A common move is to run the number, then assign or pursue based on the spread. If the max offer leaves a healthy margin, you lock it up. If it’s tight, you either renegotiate the price or move to the next lead.
The 70 percent rule is a guideline, not a guarantee. Your results are only as good as your ARV and repair estimates, and the rule needs adjusting for your market and your strategy.
Treat the output as a starting point you validate, not a verdict you act on blindly.
For high-stakes deals, back up the quick number with a full underwriting pass: detailed comps, a contractor’s repair bid, and real financing quotes. The calculator gets you to a fast, defensible offer. It doesn’t replace due diligence.
This calculator is built for the way investors actually work: fast, on real deals, with the same MAO math the pros run on every property. A standalone tool is handy, but deal analysis doesn’t happen in a vacuum.
It happens on a lead, next to the seller’s number, the property data, and your notes. That’s why deal math is strongest inside the system you already run your business in.
An all-in-one CRM like REsimpli puts a built-in deal calculator right on the property record, alongside auto-pulled valuation, tax, mortgage, and comp data, so you can go from lead to offer without switching tools.
From there you can record the exit type, move the lead through your pipeline, and keep the entire deal in one place, from first call to closing.
Run your next deal through the 70% rule above, then see how a real estate CRM keeps the math, the lead, and the follow-up together. Get started with REsimpli.
Disclaimer: This calculator provides estimates for educational purposes only. It isn’t financial, investment, legal, or tax advice. The output depends entirely on the numbers you enter, so verify your ARV with current comps, confirm repairs with a licensed contractor, and consult a qualified professional before making any investment decision.

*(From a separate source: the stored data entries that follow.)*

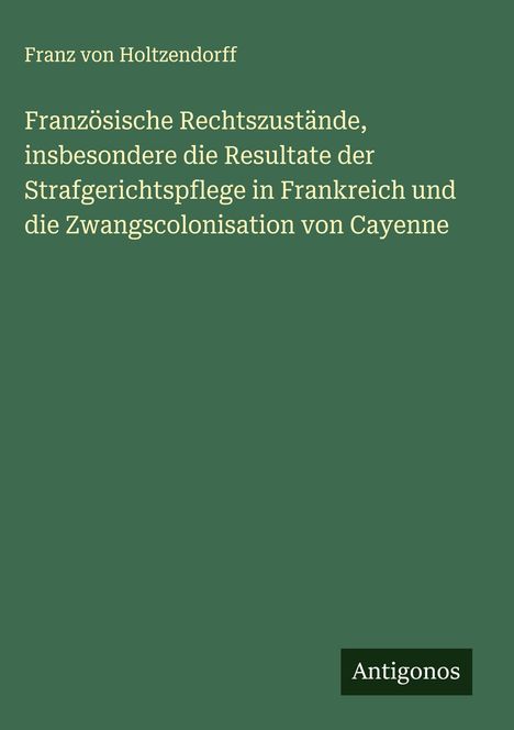 Franz Von Holtzendorff: Französische Rechtszustände, insbesondere die Resultate der Strafgerichtspflege in..., Gebunden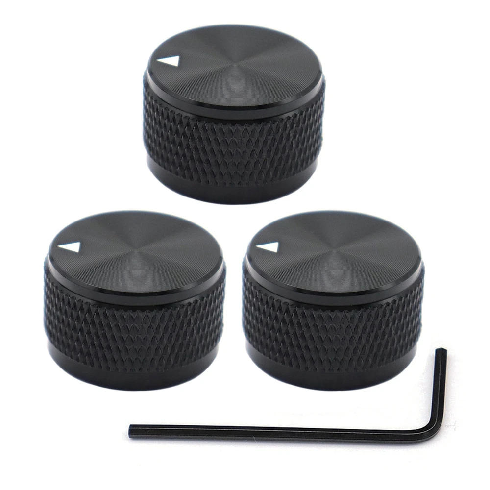 Universal 1/4" innder diameter knobs with set screw,Top with arrow indicator; Compatible with most stable shaft, cut up shaft or "D" shaft pots When you put in them on split shaft pots, please make sure align the set screw parallel to the cut up gap to circumvent crashing your pots shaft Universal Knobs designed to slot Guitar/Bass/Amplifier/Preamps/Power Amplifier or other Audio Equipments with 1/4" shaft potentiometers Set screw allow you to lock the knobs into function and not using a option of falling off Well made flawless finish knobs with out burrs or sharp edges, complete aluminium knobs with none plastic inserts Material: Aluminum alloy Color: Black, Sliver,Gold,Blue,Red Size:24x 15 (D*H)-------Please talk over with the size diagram for details Package contains:3pcs/4pcs Guitar Metal Knobs(with 1pcs Wrench)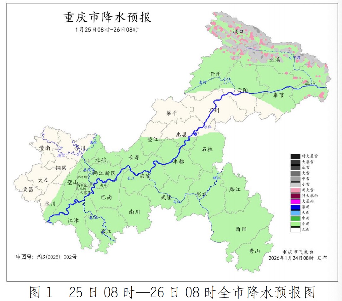 25日白天到夜间,大部地区阴天转间断小雨或零星小雨,海拔1800米以上地区有雨夹雪或小雪,气温1~12℃;中心城区阴天转零星小雨,气温8~11℃。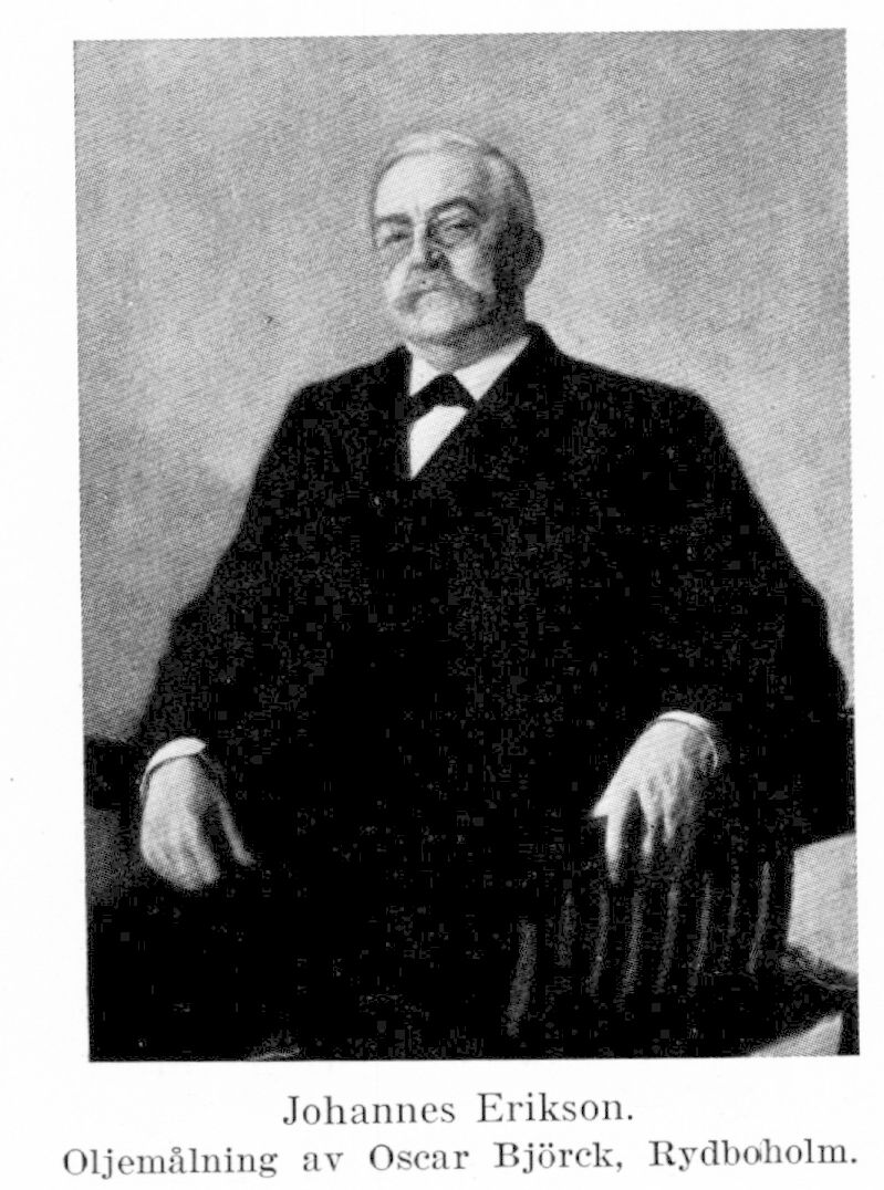 2. Johannes Erikson, den föregåendes son, f. 22 april 1839 i Kinna sn (Älvsb.), d. 11 jan. 1912 genom olyckshändelse. Skolstudier 1848—56 i en privat elementarskola i Göteborg; elev vid Göteborgs handelsinst. 9 jan. 1856–16 juni 1857; utbildningen kompletterad genom studieresor till England och kontinenten; tjänsteman vid Rydboholms Väfverifabrik 1857; disponent vid Rydboholms bolag 1873–84 och vid Rydboholms a.-b. 1885–1912; verkställande direktör i Varberg–Borås järnvägs a.-b. 1877–1907 samt ordf. i bolagets styr. 1903–07 och 1910–11; led. av centralstyr. för Borås enskilda bank 1879–1912; ordf. i styr. för Skandinaviska gummi a.-b. i Viskafors 1890–1912; verkställande direktör i Rydahls manufaktur a.-b. 1892–1912; ordf. i styr. för Kinnaströms väfveri a.-b. 1895–1912 och i Kungsfors' spinneri a.-b. 1898–1912. Landstingsman 1881—96; led. av riksdagens första kammare 1883–85 samt av dess andra kammare 1892–93; led. av Älvsborgs läns södra hushållningssällskaps förvaltningsutskott 1890–1912 samt dess ordf. 1895–1912; en av stiftarna av »De sju häradernas kulturhistoriska förening» i Borås 1903; ordf. i föreningens styr. 1903–12. RVO 1880; KVO2kl 1897; KVO1kl 1904.

Yes. For most fix-and-flip and wholesale deals, the 70 percent rule is a smart starting filter, as long as you treat it as a guideline and adjust for your market. It keeps you from overpaying and gives you a fast, repeatable ceiling. Just don't follow it on autopilot. Verify your ARV and repairs, and flex the percentage when your strategy or market calls for it.
It's accurate enough as a screening tool, but it's an estimate, not a precise valuation. The rule is only as accurate as your two inputs. With solid comps and a real repair bid, it lands close. With shaky numbers, it's confidently off. Use it to filter deals, then underwrite the winners in detail before you commit.
To use the 70 percent rule you need three things: a reliable ARV, an honest repair estimate, and your target percentage. The ARV: what the home sells for fully repaired, based on recent comps. The repair costs: a realistic, padded estimate of the full rehab. Your percentage: 70 percent as the baseline, adjusted up or down for market and strategy. Your fee (wholesalers): the assignment fee you subtract to leave the end buyer room. With those in hand, the formula does the rest: ARV × 70% − repairs.
This question is about compounding returns, not the real estate 70 percent rule. The two get mixed up because both involve a "rule," but they answer completely different questions. How much $10,000 grows depends entirely on your annual rate of return. A quick way to estimate it is the Rule of 72: divide 72 by your annual return to see roughly how many years it takes money to double. At about 7.2 percent a year, $10,000 doubles roughly every 10 years, so it would land near $40,000 after 20 years, or two doublings. Change the rate and that answer changes a lot. For real estate specifically, the return that matters is the one on each deal, which the 70 percent rule helps protect by keeping your entry price low.